The 111th Session of the International Labour Conference: A shared commitment to achieving greater social justice

Keywords : Newsletters Climate Change And Environment Structural Transformation For Africa’s Development

The 111th session of the International Labour Conference began yesterday, Monday 5 June, in Geneva, bringing together delegates representing workers, employers and governments from 187 member countries of the International Labour Organization (ILO). These delegates included the leaders of African trade union organisations affiliated to ITUC-Africa.

This year’s conference focuses on three key themes: a just transition to sustainable and inclusive economies, quality apprenticeships and worker protection. These issues are of paramount importance to workers, and even more so on the African continent, where rapid economic growth and environmental challenges require a balanced approach to ensure the prosperity and well-being of workers.

In his opening remarks, ILO Director-General Gilbert Houngbo stressed the need to do everything possible to promote social justice for all. This vision has also inspired the initiative of a Global Coalition for Social Justice, which aims to bring together all actors of good will from the world of work, but also from the United Nations system, international financial institutions, multilateral development banks, the private sector, civil society, academia and bilateral agencies, in order to galvanise everyone’s efforts towards greater social justice.
"In the short term, we want to raise the political debate on the need to systematically integrate the social agenda into all these major international, regional and local meetings. Between now and the end of the year, we want to work together to identify the key issues on which we need to focus these additional efforts", he said.
The just transition to sustainable economies will be at the heart of the debates. Participants recognise the urgent need to adopt policies and practices that promote environmental sustainability while preserving existing jobs and creating new opportunities. Trade union organisations stresses the importance of ensuring that this transition is inclusive, guarantees the protection of workers’ rights and promotes the creation of decent jobs.

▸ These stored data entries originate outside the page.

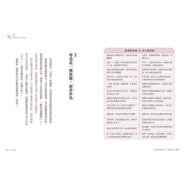 只要尊重對方,就會盡可能想保持坦誠,也會明白「偽裝自己」而受眾人歡迎,其實是一種欺騙,更是與尊重對方的態度完全背道而馳。
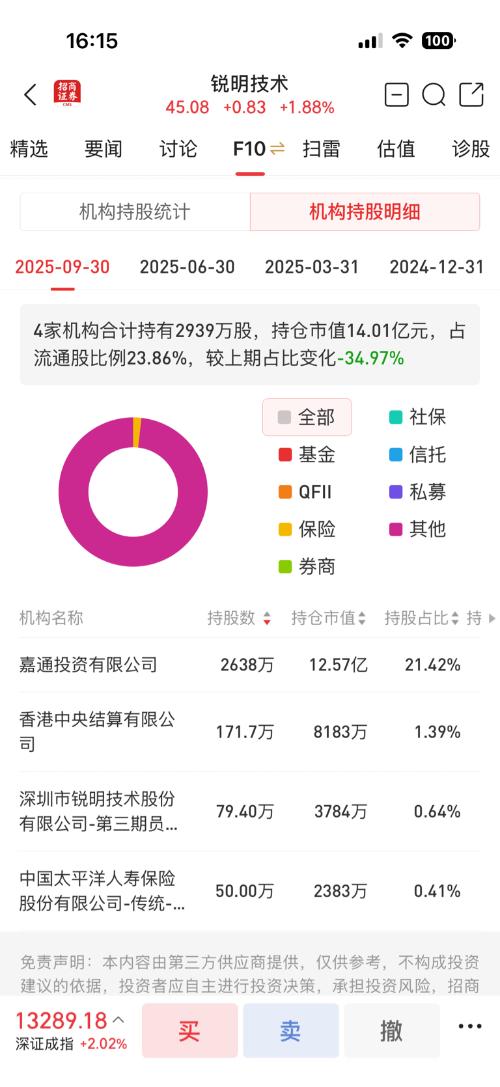 $锐明技术(SZ002970)$就保险一家机构持有???
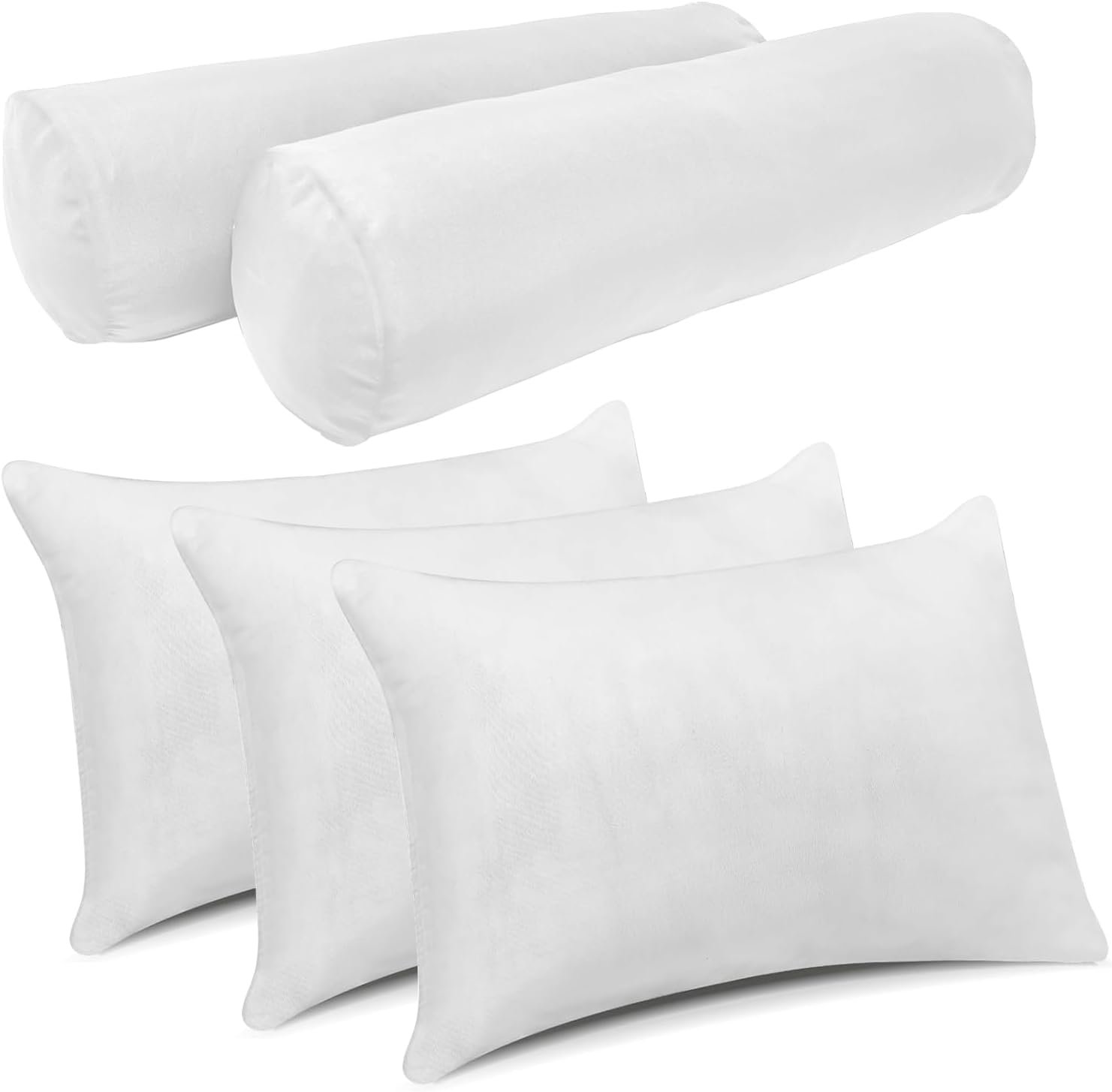 Twin Size Pillow & Bolster Cushion Polyester Fiberfill Inserts Replacement Set for Outdoor or Indoor Daybed and Porch Swing Bed, Insert ONLY (White, 24.5 * 20 * 5IN)
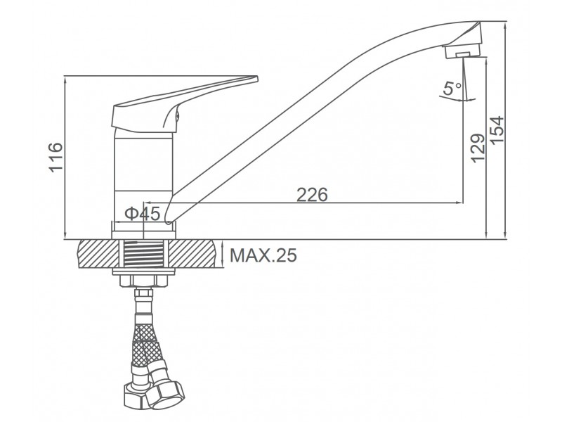 Комплект смесителя включает гибкую подводку в стальной оплетке с внутренней трубкой из экологичного этиленпропиленового полиэтилена PEX.

At the same time, the issue of quality apprenticeships is essential to meet the needs of a rapidly changing global workforce. Access to quality education is essential to ensure the employability of workers, but also to promote innovation and productivity by focusing on the acquisition of skills adapted to the realities of the labour market.
Worker protection also remains a major concern for trade unions. As new models of work emerge, such as the digital economy and work platforms, it is vital to ensure the safety, rights and decent working conditions of all workers. ITUC-Africa stresses the need to develop policies that respond to these new realities, while preserving the gains of the trade union movement, such as freedom of association and the right to collective bargaining.

Over the next few days, delegates will continue to discuss these issues and seek concrete solutions to promote sustainable, people-centred development.